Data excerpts
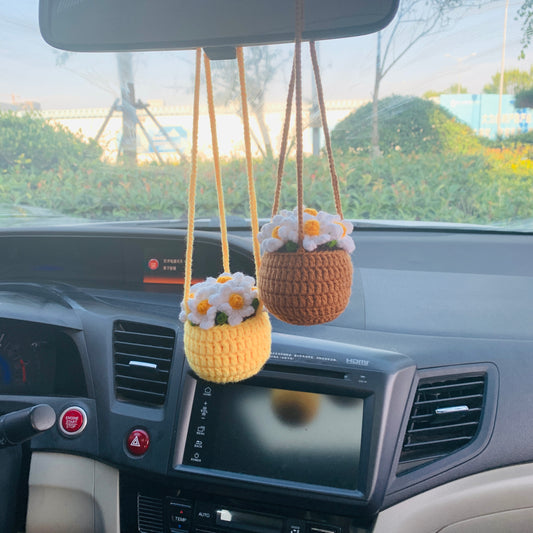 Cute Mini flower basket Car Mirror Hanging Interior Rear View Mirror Flower Car Accessories Crochet car gift
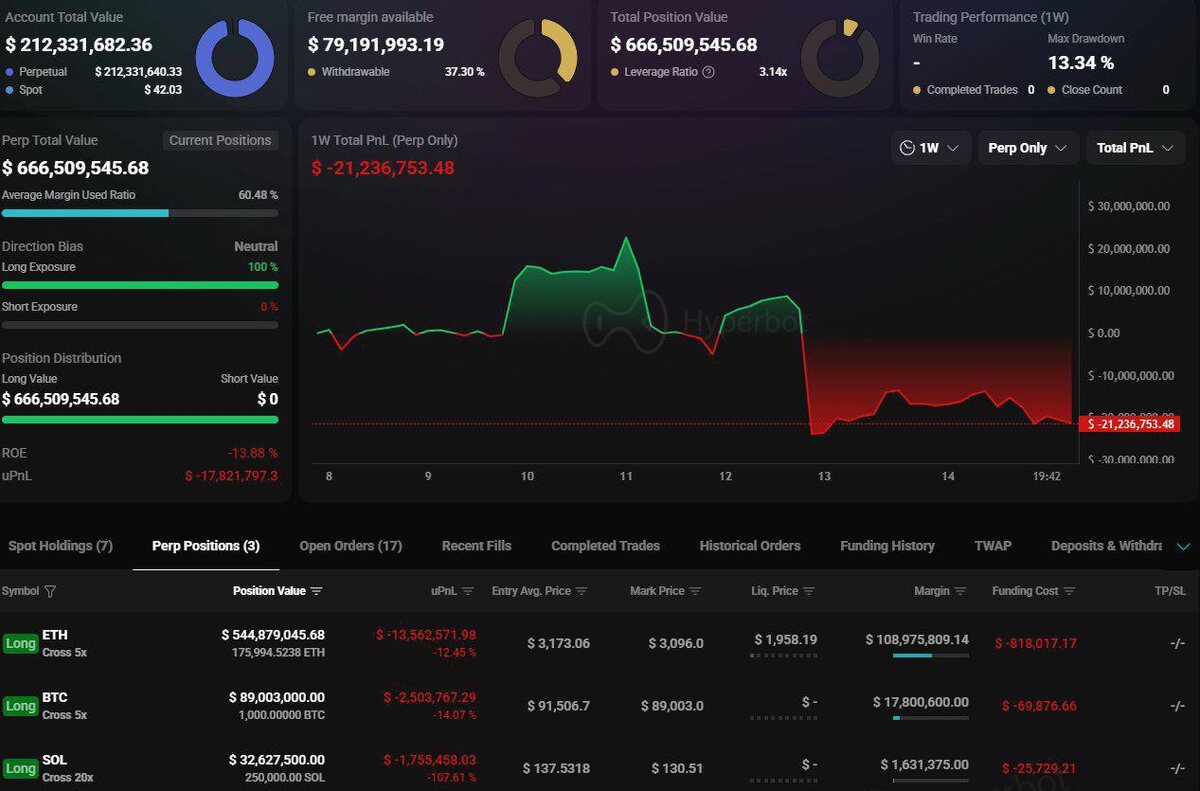 ЭТО НЕВЕРОЯТНО. Инсайдерский биткоин-кит теперь открыл длинную позицию на 544 миллиона долларов США в ETH. Это, вероятно, его крупнейшая позиция со времен короткой позиции на более чем 1 миллиард долларов США в BTC во время краха 10 октября. Что думаете)? 👍 заработает 🔥ликвид словит
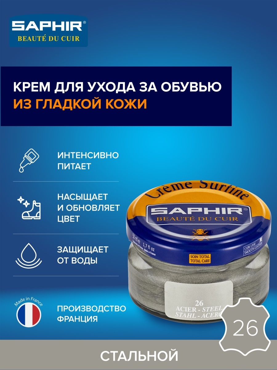 Крем Saphir Creme Surfine для обуви из гладкой кожи 50 мл, цвет 26 стальной
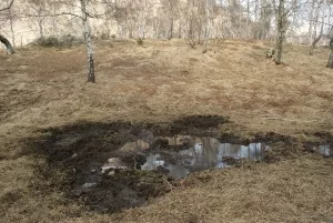 Bei trockenem, heißem Wetter legen sich nicht nur Wildschweine, sondern auch Hirsche gerne in einer sogenannten Suhle nieder. Zur erfrischenden Abkühlung gibt es gratis einen Schlammpanzer gegen Stechinsekten.
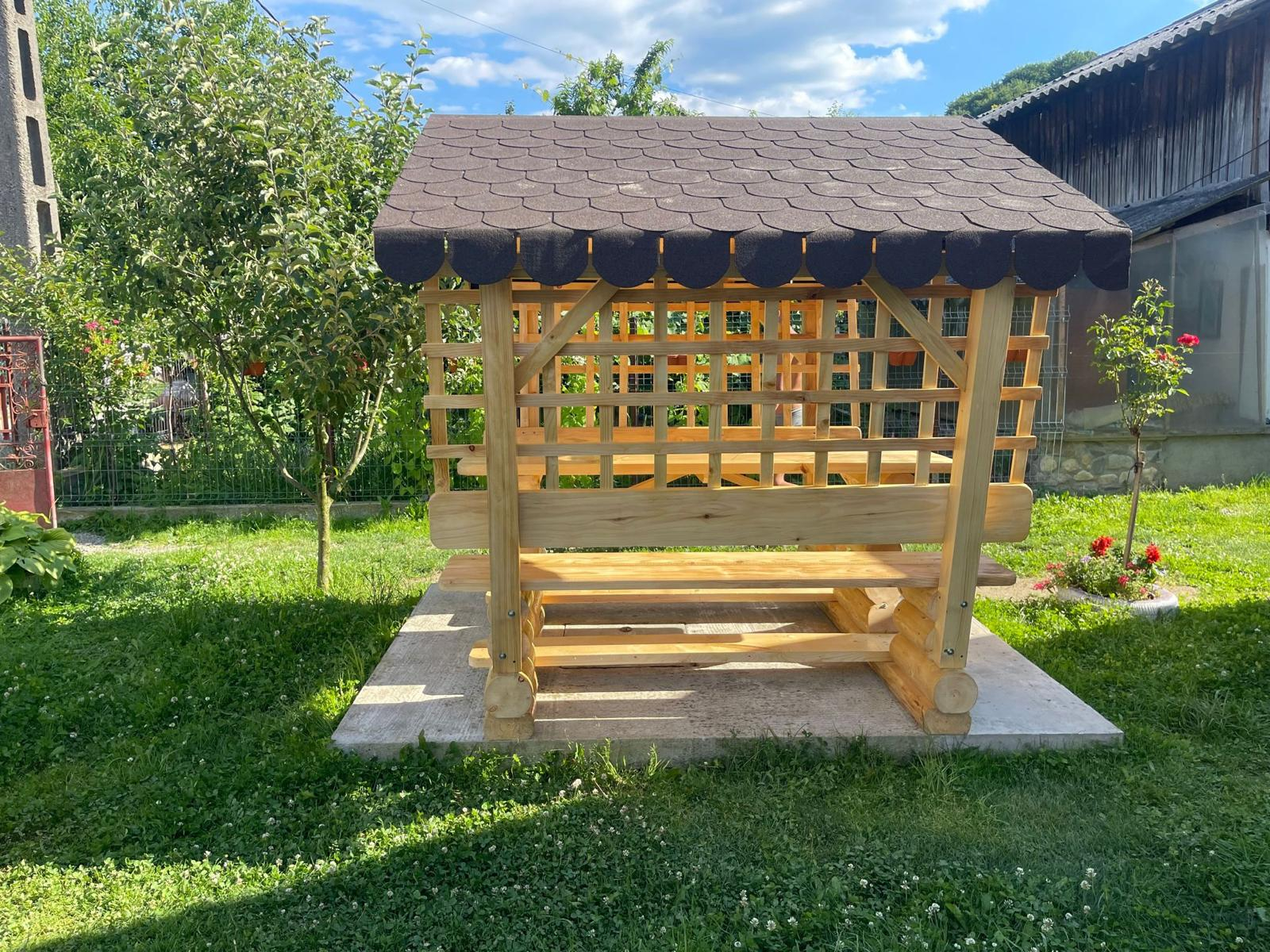 Transformă-ți curtea într-un punct de atracție cu acest foișor rustic, conceput special pentru momentele de relaxare alături de familie și prieteni. Construit integral din lemn masiv și finisat cu lacuri de protecție profesionale, acest foișor îmbină estetica tradițională cu rezistența necesară mediului exterior.

- _Work instruction_:
Please set down the records exactly, and keep every image out of the copy.

- _Response to the exercise_:
 Cute Mini flower basket Car Mirror Hanging Interior Rear View Mirror Flower Car Accessories Crochet car gift
 ЭТО НЕВЕРОЯТНО. Инсайдерский биткоин-кит теперь открыл длинную позицию на 544 миллиона долларов США в ETH. Это, вероятно, его крупнейшая позиция со времен короткой позиции на более чем 1 миллиард долларов США в BTC во время краха 10 октября. Что думаете)? 👍 заработает 🔥ликвид словит
 Крем Saphir Creme Surfine для обуви из гладкой кожи 50 мл, цвет 26 стальной
 Bei trockenem, heißem Wetter legen sich nicht nur Wildschweine, sondern auch Hirsche gerne in einer sogenannten Suhle nieder. Zur erfrischenden Abkühlung gibt es gratis einen Schlammpanzer gegen Stechinsekten.
 Transformă-ți curtea într-un punct de atracție cu acest foișor rustic, conceput special pentru momentele de relaxare alături de familie și prieteni. Construit integral din lemn masiv și finisat cu lacuri de protecție profesionale, acest foișor îmbină estetica tradițională cu rezistența necesară mediului exterior.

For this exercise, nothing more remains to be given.